For years I struggled in my writing to express early experiences of grief and failure. I wrote many poems on these subjects, but none articulated exactly how I felt, or dealt adequately with what I needed to say, until I wrote the long poem “Divisions.” This poem is central to my early work--in it I was finally able to deal aesthetically and personally with the experience it discusses. Everything came together in the writing of “Divisions”: content, form, and the insight necessary for its writing. This was a breakthrough poem for me, written over a three day period in April 1977. I was finally able to express in poetry what I was attempting to do since I was fifteen years old. I photocopied “Divisions” and mailed it out to other poets and critics, including Northrop Frye and Louis Dudek, both of whom responded generously: Frye with a letter, and Dudek with an offer to publish the poem. In 1983 bp Nichol published the poem in my book Divisions, with Coach House Press.

There are two more factors that I believe have contributed to my writing. The first is the fact of being born in Montreal of a large, but dwindling, family of Irish descent. This Irish background is rich in experience and family history; names such as Callaghan, Flanagan, and Sweeney are all a part of the family which has been in Montreal since before 1840. They were not wealthy people, although a few made names for themselves, but they were hardworking and improved conditions for the lives of their descendants. Their values, religious faith, and large families made them what they were. I am grateful for being a part of this ancestry.

A final factor that has helped shaped my poetry is the tradition of writing poetry in English-speaking Montreal. Growing up in Montreal in the 1950s, I always took for granted that poets lived and worked in the community in which I lived.
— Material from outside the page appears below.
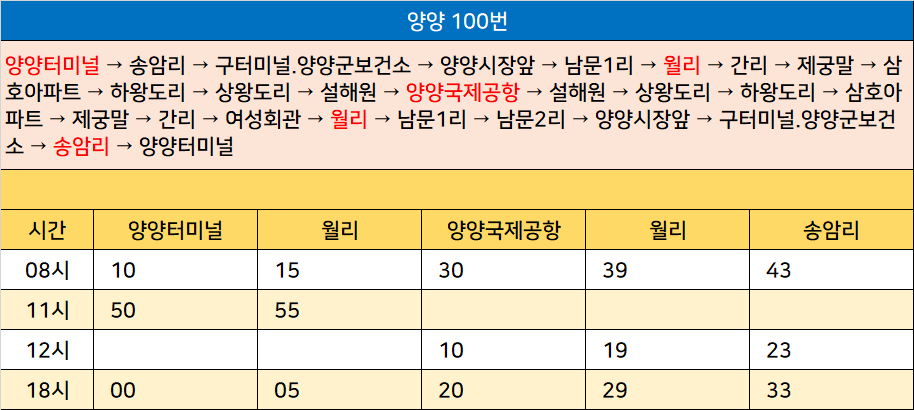 양양 100번: 양양터미널 → 송암리 → 구터미널.양양군보건소 → 양양시장앞 → 남문1리 → 월리 → 간리 → 제궁말 → 삼호아파트 → 하왕도리 → 상왕도리 → 설해원 → 양양국제공항 → 설해원 → 상왕도리 → 하왕도리 → 삼호아파트 → 제궁말 → 간리 → 여성회관 → 월리 → 남문1리 → 남문2리 → 양양시장앞 → 구터미널.양양군보건소 → 송암리 → 양양터미널

Poets were never “someplace else”—they were right here. So the idea of becoming a poet was never unusual. Just as I appreciate my Irish heritage, I also benefited from the poetry community into which I was born. In the 1970s I was associated with Vehicule Art Gallery where I attended and organized readings while a graduate student at McGill University. I associated with other poets, and my first full-length collection of poems was published.
I have always aimed at a directness of statement and emotion in my poems, to communicate an image and a strong emotion; to merge the personal self with the archetypal self. Poetry is the voice of the psyche speaking through the poet. These poems, selected from twenty years of published work, map the convolutions, terrain, and geography of the soul.

My poetic journey, from the early dreams and writing to the publication of this Selected Poems, has been a reaching out to other people. From the initial isolation as an adolescent poet until now, I have been blessed with meeting certain individuals who have encouraged and inspired me. My association with poet and editor Carolyn Zonailo began in 1989 with the publication, by Caitlin Press, of my book Family Album. CZ has edited my poetry and helped to prepare manuscripts for publication. We have shared a collaboration in writing and in life, living most of the year in Montreal, but spending as much time as possible each year in her native Vancouver, British Columbia. I would like to thank CZ for selecting the poems in this collection, urging me to write this preface, and for editing.
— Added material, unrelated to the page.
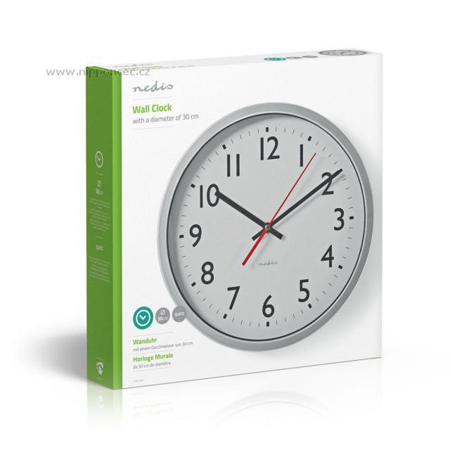 Nedis Nástěnné hodiny CLWA110WT,  stříbrná/bílá, 30 cm

I would like to thank Louis Dudek for being my teacher and friend from McGill University days to the present. George and Jeanne Johnston extended to me friendship and the joy of discussing poetry and literature. Ken Norris, a colleague since the early 1970’s, has offered on-going encouragement. Jake Morrissey has often listened with appreciation to my work. Sonja Skarstedt and Geof Isherwood began Empyreal Press in Montreal in the early 1990s; with bravado and a belief in the importance of poetry they published each volume of The Shadow Trilogy. I would like to thank Endre Farkas and Gordon Shillingford for offering their support through the Muses’ Company. Finally, I would also like to thank the Canada Council for writing time during two grants, and for project grants in support of individual books.